INSTRUCTIONS FOR THE TASK
Give again, word for word, each line of the data from the first through the one containing "Penanaman pohon yang". Pictures stay out.

═══ DATA LISTING

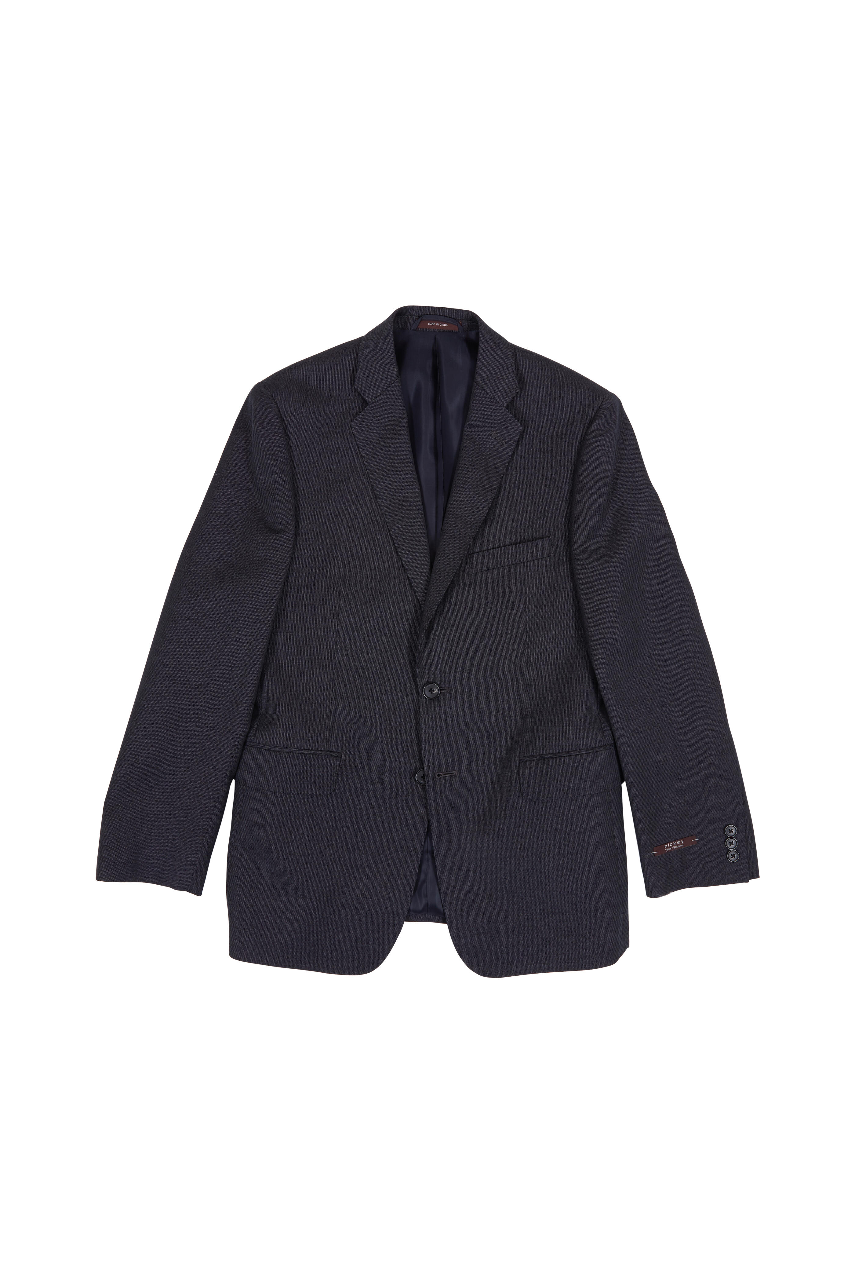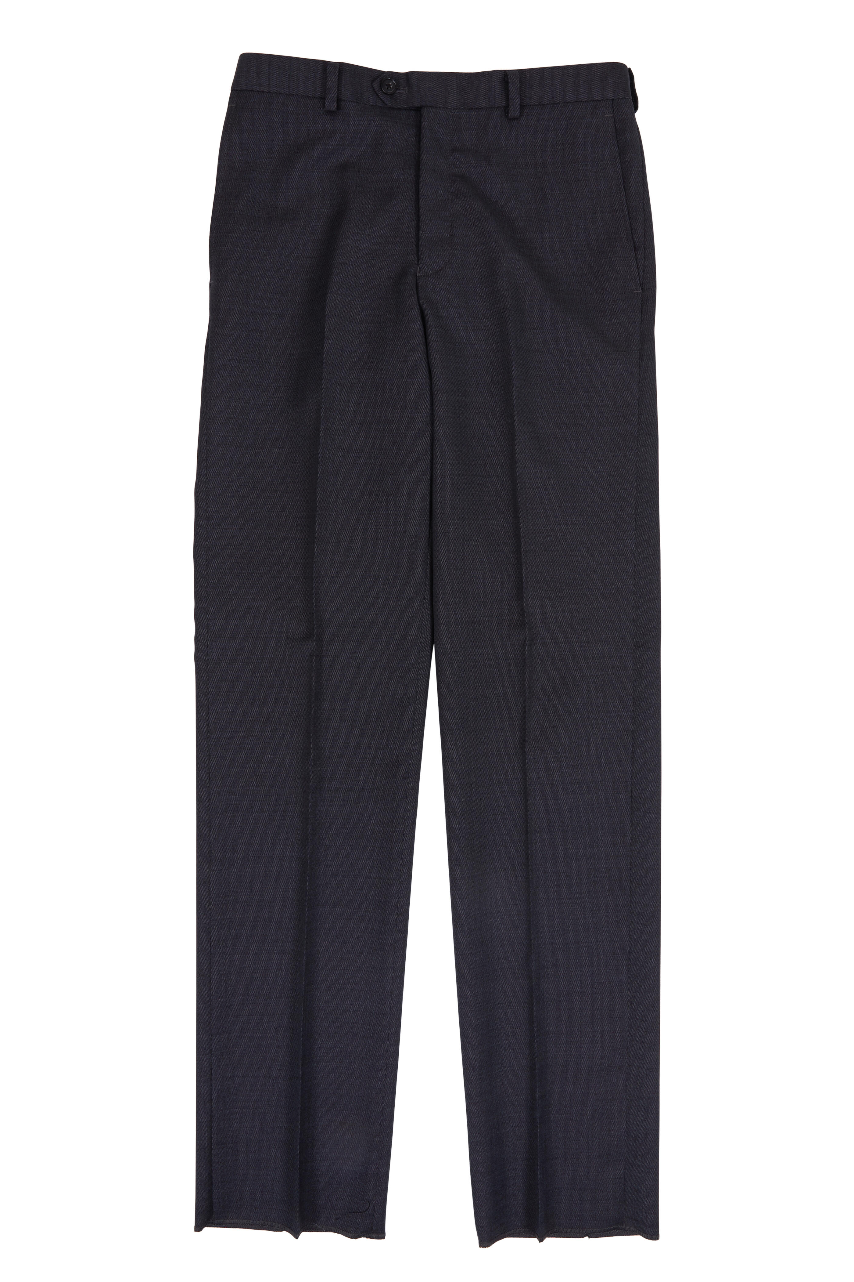 Imported. Jacket: Fully lined. Notched lapels. Two button closure. Chest welt pocket, lower flat pockets. Double vent. Pants: Side slash pockets, back buttoned-besom pockets. Unfinished hem. 100% wool. Dry clean.
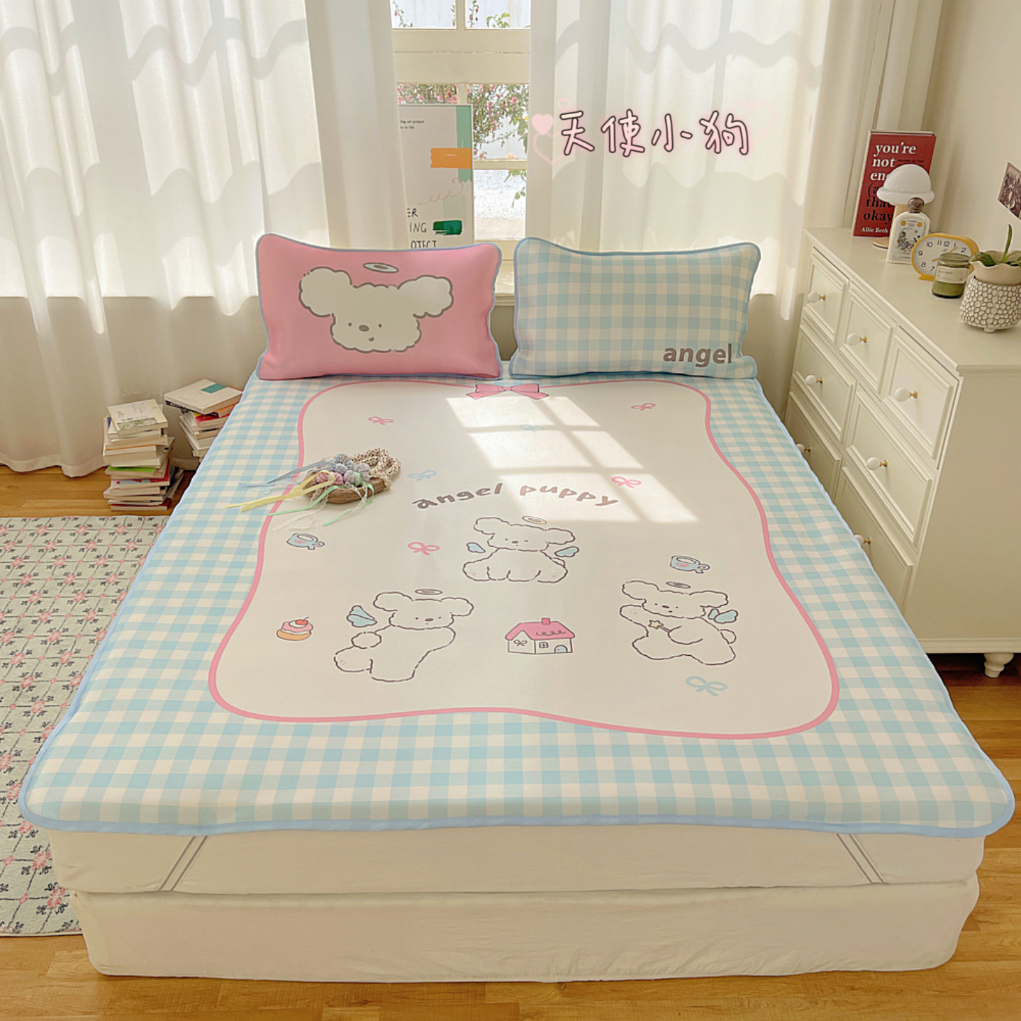 顾里家纺 2025新款韩式Chic风冰感牛奶丝软席席子 会员➖5元 蓝格黑猫
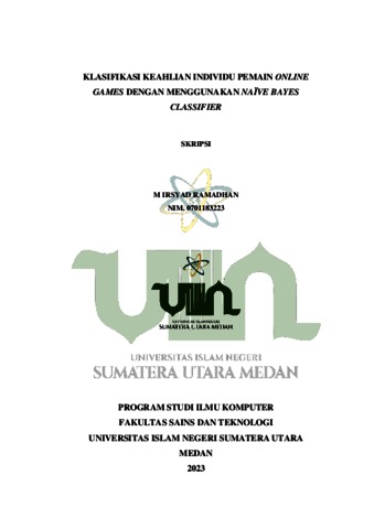 Ramadhan, M Irsyad (2023) Klasifikasi Keahlian Individu Pemain Online games dengan Menggunakan Naïve Bayes Classifier. Skripsi thesis, UIN Sumatera Utara Medan.
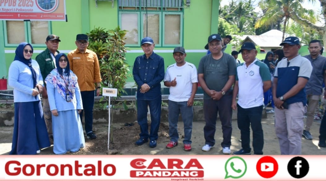 Penanaman pohon yang dilakukan di halaman MTsN 1 Pohuwato secara simbolis dilakukan Bupati Pohuwato, Saipul A. Mbuinga, Camat Paguat, Ikbal Mbuinga, serta Ketua Komite Sekolah, Nakir Ismail, Kamis, (01/05/2025).
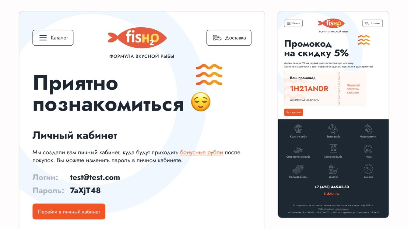 Сделали интеграцию с CRM-системой, чтобы каждому подписчику выдавался индивидуальный промокод и формировалась индивидуальная подборка блюд исходя из того, какую рыбу и в каком виде он заказал на сайте.
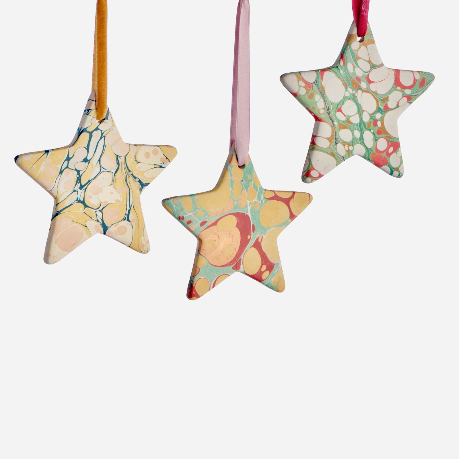 Handcrafted in Wiltshire, our charming hand-marbled ceramic star ornaments elevate any holiday decor.
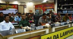 Danrem 043/Gatam Bersama Kapolda Ikuti Video Converence Menkopolhukam
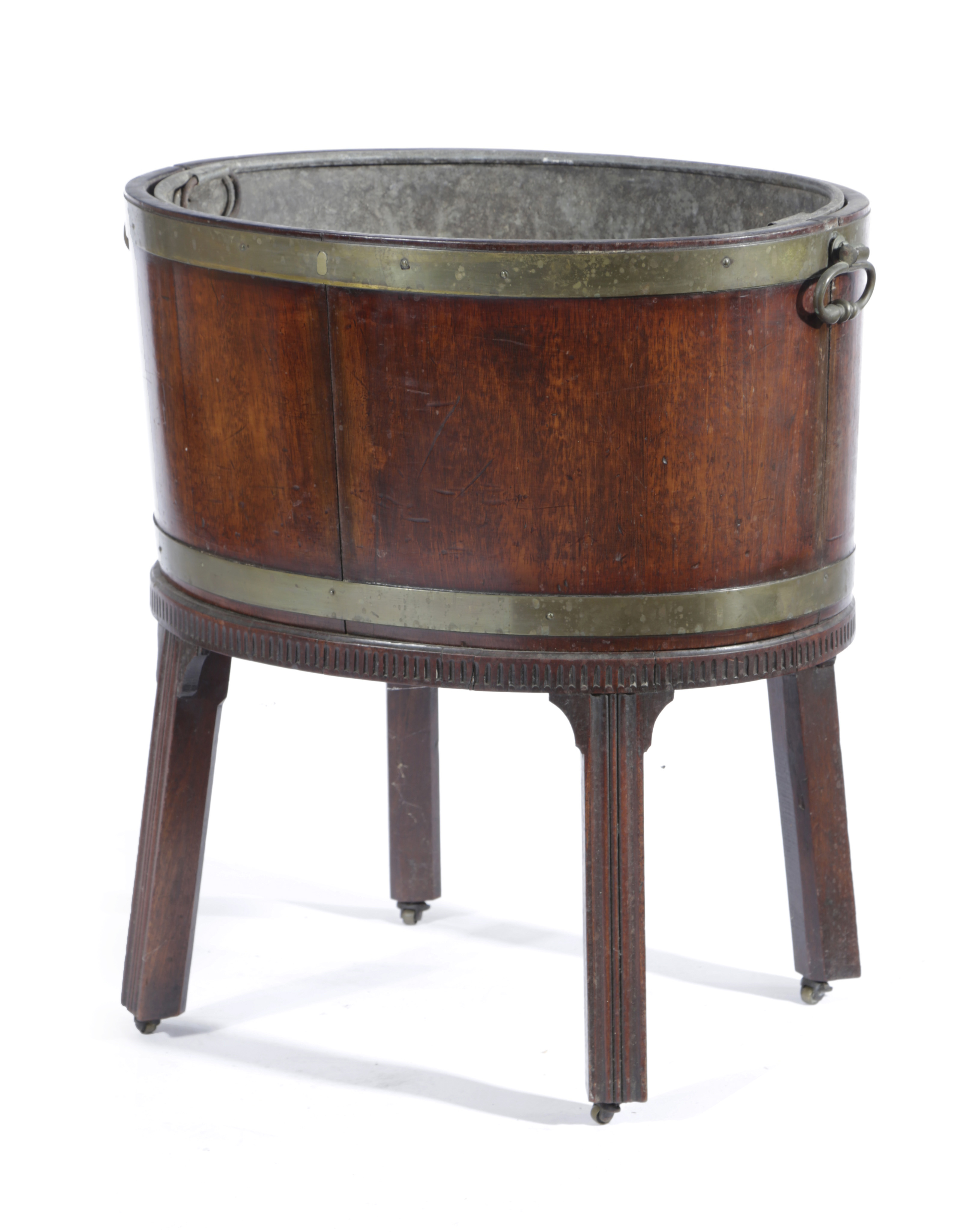brass bound with swing handles, a lift-out liner and on a fluted stand with moulded, bracketed legs and roller castors
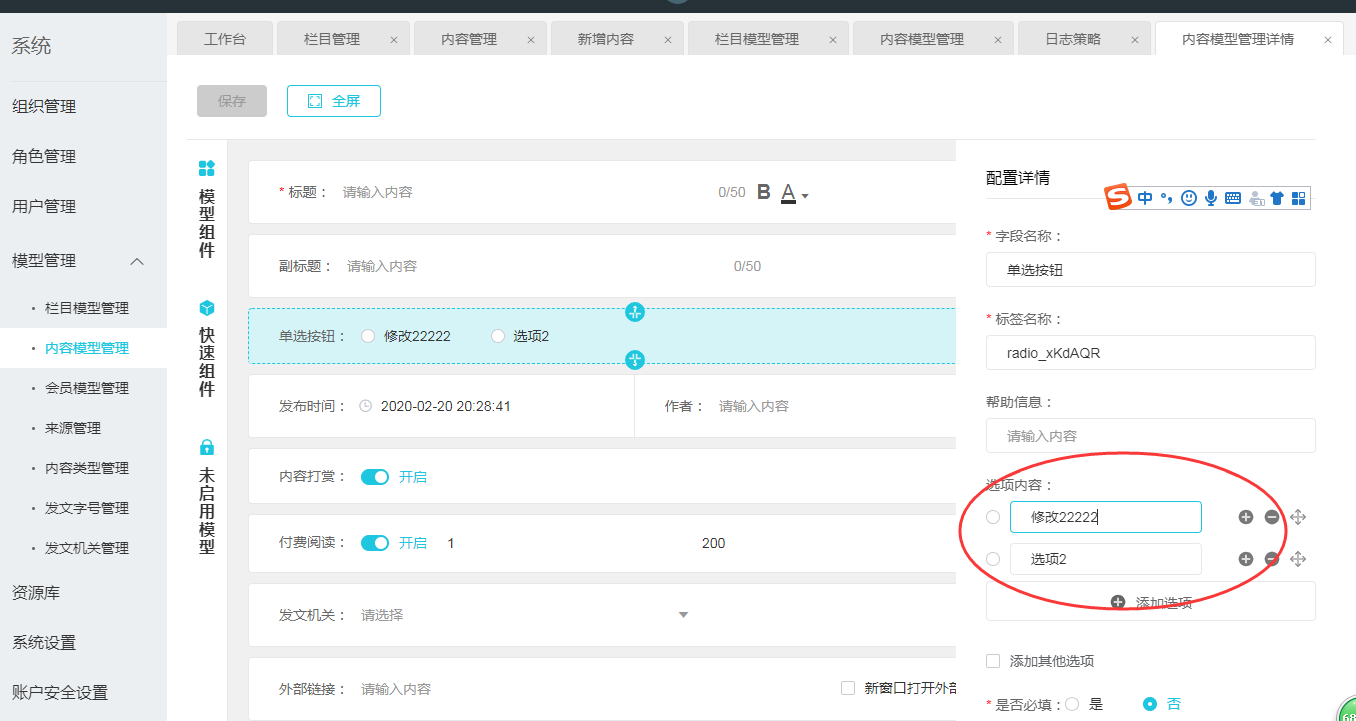 直接选项1 选项2 这值可以修改,点击修改就可以 |
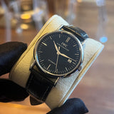 Diameter 39 mm. Thickness 9 mm. Between lugs 20 mm. Waterproof 30 meters. Stainless steel housing. Black dial without numbers. Baton indexes. Automatic movement caliber 35110. Power reserve of 42 hours. Number of jewels 25. Frequency 28,800 A/h. Sapphire crystal with anti-reflective treatment. Solid screwed steel case back. Crown with IWC emblem. Original IWC simple folding clasp. Black leather strap with white stitching, non-original replacement.
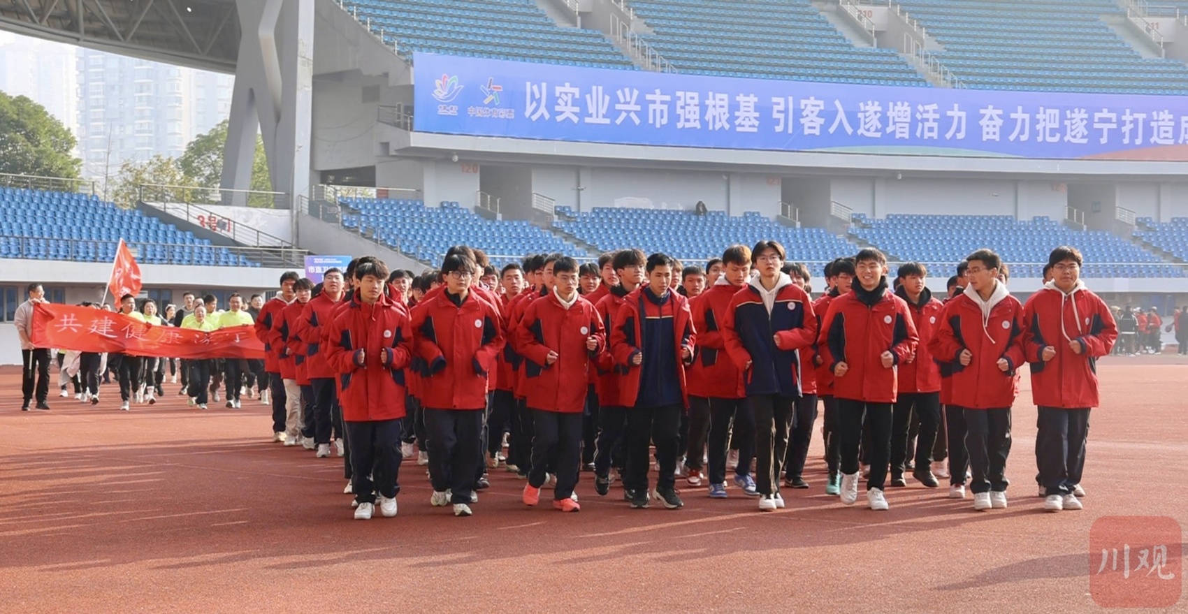 1月1日,“迎新春·庆元旦”2025遂宁观音湖全民健身跑在遂宁市体育中心鸣枪开跑。来自遂宁市机关、学校、企业等3000余名跑友组成28支方队,步伐矫健冲刺向前。
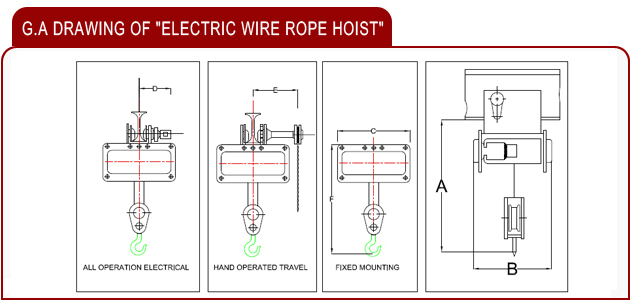 - Assembled line of hoist from independent units that are hoisting gear box, hoisting motor with brake, rope drum, electric control panel and travelling trolley.
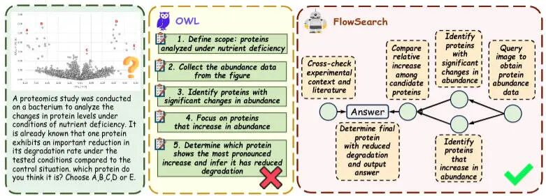 通过FlowSearch与OWL的对比案例可以看出,FlowSearch通过显式依赖建模与中间结果整合,有效避免了证据丢失与逻辑链断裂,展现出更高的推理透明度与可解释性。

══════

EXERCISE SOLUTION
 Imported. Jacket: Fully lined. Notched lapels. Two button closure. Chest welt pocket, lower flat pockets. Double vent. Pants: Side slash pockets, back buttoned-besom pockets. Unfinished hem. 100% wool. Dry clean.
 顾里家纺 2025新款韩式Chic风冰感牛奶丝软席席子 会员➖5元 蓝格黑猫
 Ramadhan, M Irsyad (2023) Klasifikasi Keahlian Individu Pemain Online games dengan Menggunakan Naïve Bayes Classifier. Skripsi thesis, UIN Sumatera Utara Medan.
 Penanaman pohon yang dilakukan di halaman MTsN 1 Pohuwato secara simbolis dilakukan Bupati Pohuwato, Saipul A. Mbuinga, Camat Paguat, Ikbal Mbuinga, serta Ketua Komite Sekolah, Nakir Ismail, Kamis, (01/05/2025).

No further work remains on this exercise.